(Provided data)

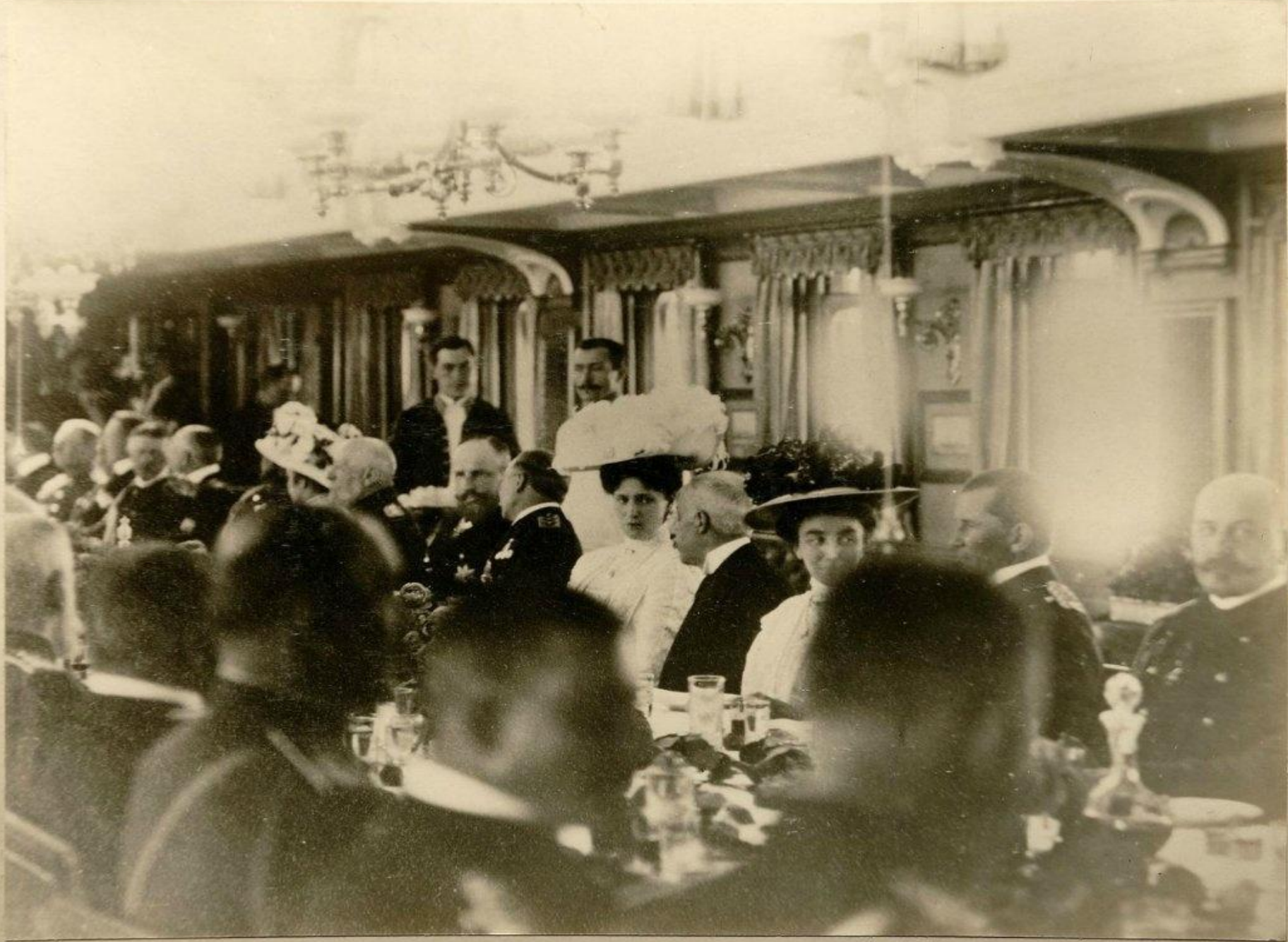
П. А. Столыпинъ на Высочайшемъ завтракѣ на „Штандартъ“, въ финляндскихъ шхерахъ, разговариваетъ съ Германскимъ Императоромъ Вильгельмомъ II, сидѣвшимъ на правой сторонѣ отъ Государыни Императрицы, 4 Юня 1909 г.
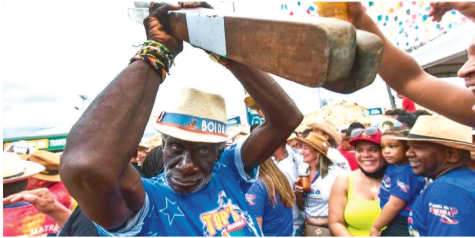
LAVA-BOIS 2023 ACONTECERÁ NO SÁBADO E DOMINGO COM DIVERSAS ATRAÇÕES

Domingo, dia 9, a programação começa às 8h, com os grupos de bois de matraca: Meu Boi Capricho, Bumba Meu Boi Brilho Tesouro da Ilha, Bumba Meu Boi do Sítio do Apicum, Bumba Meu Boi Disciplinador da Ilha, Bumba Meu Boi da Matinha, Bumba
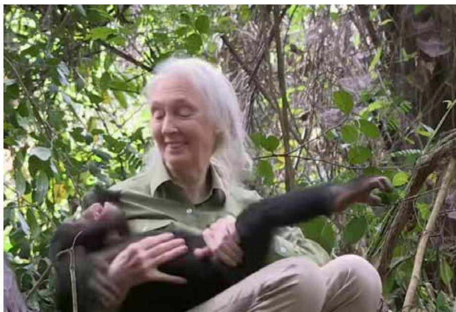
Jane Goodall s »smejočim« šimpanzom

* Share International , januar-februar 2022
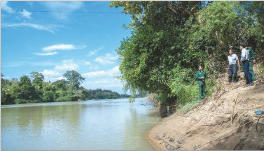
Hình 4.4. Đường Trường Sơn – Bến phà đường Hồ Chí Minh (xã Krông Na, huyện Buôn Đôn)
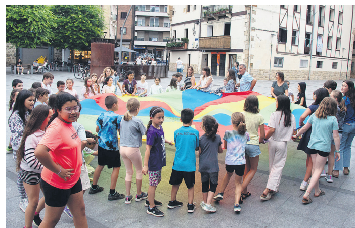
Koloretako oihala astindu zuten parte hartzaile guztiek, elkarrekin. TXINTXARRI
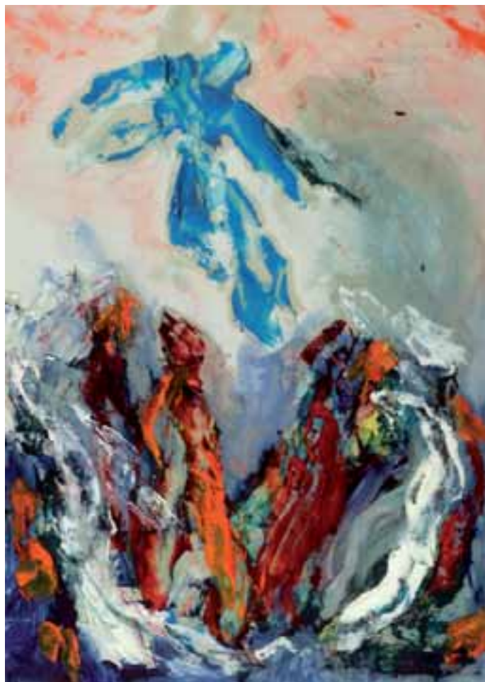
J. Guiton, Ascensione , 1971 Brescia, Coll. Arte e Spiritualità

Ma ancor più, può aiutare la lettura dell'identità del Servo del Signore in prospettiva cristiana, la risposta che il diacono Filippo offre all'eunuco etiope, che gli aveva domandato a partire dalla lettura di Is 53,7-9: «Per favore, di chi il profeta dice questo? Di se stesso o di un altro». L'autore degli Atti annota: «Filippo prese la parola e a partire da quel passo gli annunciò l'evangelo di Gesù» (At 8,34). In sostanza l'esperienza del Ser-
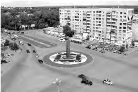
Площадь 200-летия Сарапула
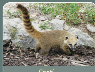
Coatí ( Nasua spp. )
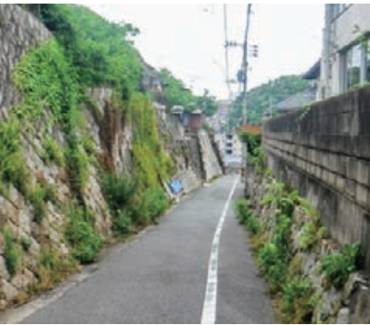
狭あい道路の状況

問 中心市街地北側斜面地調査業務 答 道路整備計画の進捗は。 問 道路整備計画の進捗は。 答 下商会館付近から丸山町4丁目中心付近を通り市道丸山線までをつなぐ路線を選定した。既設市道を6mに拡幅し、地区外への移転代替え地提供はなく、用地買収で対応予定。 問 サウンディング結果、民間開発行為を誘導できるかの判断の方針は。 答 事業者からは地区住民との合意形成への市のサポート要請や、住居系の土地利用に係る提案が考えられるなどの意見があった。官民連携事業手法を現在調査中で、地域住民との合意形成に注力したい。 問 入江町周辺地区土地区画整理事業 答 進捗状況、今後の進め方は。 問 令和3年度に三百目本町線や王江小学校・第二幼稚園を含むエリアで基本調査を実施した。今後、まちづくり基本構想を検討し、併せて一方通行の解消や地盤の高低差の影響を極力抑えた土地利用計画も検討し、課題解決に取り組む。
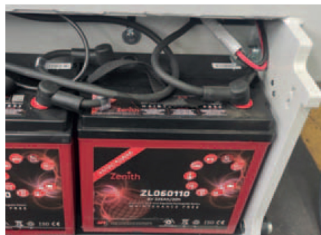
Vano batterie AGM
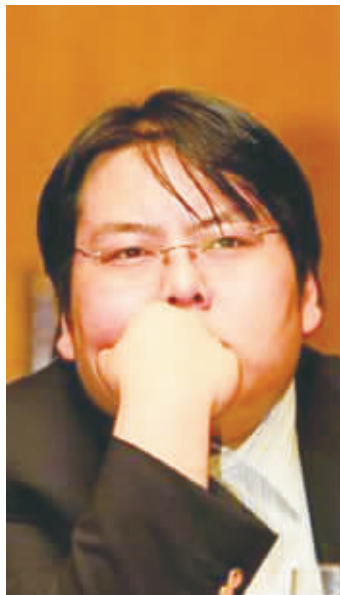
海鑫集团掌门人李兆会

(End Provided data)

▶ **Exercise requirements**
Would you copy out every entry above word for word, without the pictures?

▶ **Exercise output**
П. А. Столыпинъ на Высочайшемъ завтракѣ на „Штандартъ“, въ финляндскихъ шхерахъ, разговариваетъ съ Германскимъ Императоромъ Вильгельмомъ II, сидѣвшимъ на правой сторонѣ отъ Государыни Императрицы, 4 Юня 1909 г.
LAVA-BOIS 2023 ACONTECERÁ NO SÁBADO E DOMINGO COM DIVERSAS ATRAÇÕES

Domingo, dia 9, a programação começa às 8h, com os grupos de bois de matraca: Meu Boi Capricho, Bumba Meu Boi Brilho Tesouro da Ilha, Bumba Meu Boi do Sítio do Apicum, Bumba Meu Boi Disciplinador da Ilha, Bumba Meu Boi da Matinha, Bumba
Jane Goodall s »smejočim« šimpanzom

* Share International , januar-februar 2022
Hình 4.4. Đường Trường Sơn – Bến phà đường Hồ Chí Minh (xã Krông Na, huyện Buôn Đôn)
Koloretako oihala astindu zuten parte hartzaile guztiek, elkarrekin. TXINTXARRI
J. Guiton, Ascensione , 1971 Brescia, Coll. Arte e Spiritualità

Ma ancor più, può aiutare la lettura dell'identità del Servo del Signore in prospettiva cristiana, la risposta che il diacono Filippo offre all'eunuco etiope, che gli aveva domandato a partire dalla lettura di Is 53,7-9: «Per favore, di chi il profeta dice questo? Di se stesso o di un altro». L'autore degli Atti annota: «Filippo prese la parola e a partire da quel passo gli annunciò l'evangelo di Gesù» (At 8,34). In sostanza l'esperienza del Ser-
Площадь 200-летия Сарапула
Coatí ( Nasua spp. )
狭あい道路の状況

問 中心市街地北側斜面地調査業務 答 道路整備計画の進捗は。 問 道路整備計画の進捗は。 答 下商会館付近から丸山町4丁目中心付近を通り市道丸山線までをつなぐ路線を選定した。既設市道を6mに拡幅し、地区外への移転代替え地提供はなく、用地買収で対応予定。 問 サウンディング結果、民間開発行為を誘導できるかの判断の方針は。 答 事業者からは地区住民との合意形成への市のサポート要請や、住居系の土地利用に係る提案が考えられるなどの意見があった。官民連携事業手法を現在調査中で、地域住民との合意形成に注力したい。 問 入江町周辺地区土地区画整理事業 答 進捗状況、今後の進め方は。 問 令和3年度に三百目本町線や王江小学校・第二幼稚園を含むエリアで基本調査を実施した。今後、まちづくり基本構想を検討し、併せて一方通行の解消や地盤の高低差の影響を極力抑えた土地利用計画も検討し、課題解決に取り組む。
Vano batterie AGM
海鑫集团掌门人李兆会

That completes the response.